By Jin-yeong Yi
“That society who has not the ability, or who is not willing to procure man any one benefit, loses all its rights over him; Nature, when it has rendered his existence completely miserable, has in fact, ordered him to quit it: in dying he does no more than fulfil one of her decrees, as he did when he first drew his breath. To him who is fearless of death, there is no evil without a remedy; for him who refuses to die, there yet exists benefits which attach him to the world; in this case let him rally his powers—let him oppose courage to a destiny that oppresses him—let him call forth those resources with which Nature yet furnishes him; she cannot have totally abandoned him, while she yet leaves him the sensation of pleasure; the hopes of seeing a period to his pains.”

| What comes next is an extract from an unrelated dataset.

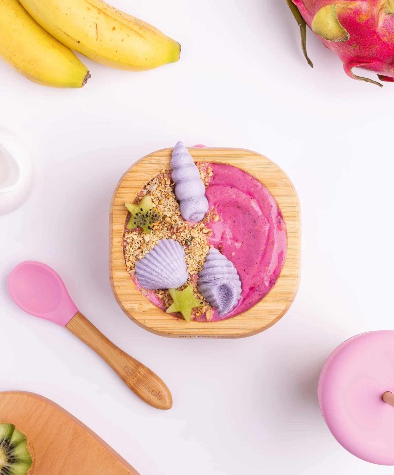 Eco Rascals’ bamboo bowl with silicone suction & spoon set in pink is made from sustainable materials like bamboo and silicone, this bamboo bowl provides a safe and non-toxic dining experience for children. With the added benefit of a strong suction base, it helps prevent spills and messes, making mealtime easier and more enjoyable for both parents and little ones.
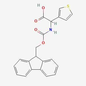 This compound is a specialized chemical building block designed for use in Fmoc-based peptide synthesis. netascientific.com As an unnatural amino acid derivative, its structure combines the key features of the Fmoc protecting group with the unique side chain of L-2-(3-Thienyl)-glycine. The core structure consists of a glycine (B1666218) backbone where one of the α-hydrogens is replaced by a 3-thienyl group—a five-membered aromatic ring containing a sulfur atom. ontosight.ai The "L" designation refers to the specific stereoisomer of the chiral α-carbon. The amino group of this structure is protected by the Fmoc group, rendering it suitable for incorporation into peptide chains via SPPS. netascientific.com

—Paul-Henri Thiry, Baron d’Holbach, The System of Nature
It seems obvious that the debate on assisted suicide ultimately comes down to the question of whether suicide itself is right or wrong. Many of the arguments against suicide, it seems to me, are predicated on religion. In terms of rhetoric, one probably need not look further than G. K. Chesterton:
“Under the lengthening shadow of Ibsen, an argument arose whether it was not a very nice thing to murder one’s self. Grave moderns told us that we must not even say “poor fellow,” of a man who had blown his brains out, since he was an enviable person, and had only blown them out because of their exceptional excellence. Mr. William Archer even suggested that in the golden age there would be penny-in-the-slot machines, by which a man could kill himself for a penny. In all this I found myself utterly hostile to many who called themselves liberal and humane. Not only is suicide a sin, it is the sin. It is the ultimate and absolute evil, the refusal to take an interest in existence; the refusal to take the oath of loyalty to life. The man who kills a man, kills a man. The man who kills himself, kills all men; as far as he is concerned he wipes out the world. His act is worse (symbolically considered) than any rape or dynamite outrage. For it destroys all buildings: it insults all women. The thief is satisfied with diamonds; but the suicide is not: that is his crime. He cannot be bribed, even by the blazing stones of the Celestial City. The thief compliments the things he steals, if not the owner of them. But the suicide insults everything on earth by not stealing it. He defiles every flower by refusing to live for its sake. There is not a tiny creature in the cosmos at whom his death is not a sneer. When a man hangs himself on a tree, the leaves might fall off in anger and the birds fly away in fury: for each has received a personal affront. Of course there may be pathetic emotional excuses for the act. There often are for rape, and there almost always are for dynamite. But if it comes to clear ideas and the intelligent meaning of things, then there is much more rational and philosophic truth in the burial at the cross-roads and the stake driven through the body, than in Mr. Archer’s suicidal automatic machines. There is a meaning in burying the suicide apart. The man’s crime is different from other crimes—for it makes even crimes impossible.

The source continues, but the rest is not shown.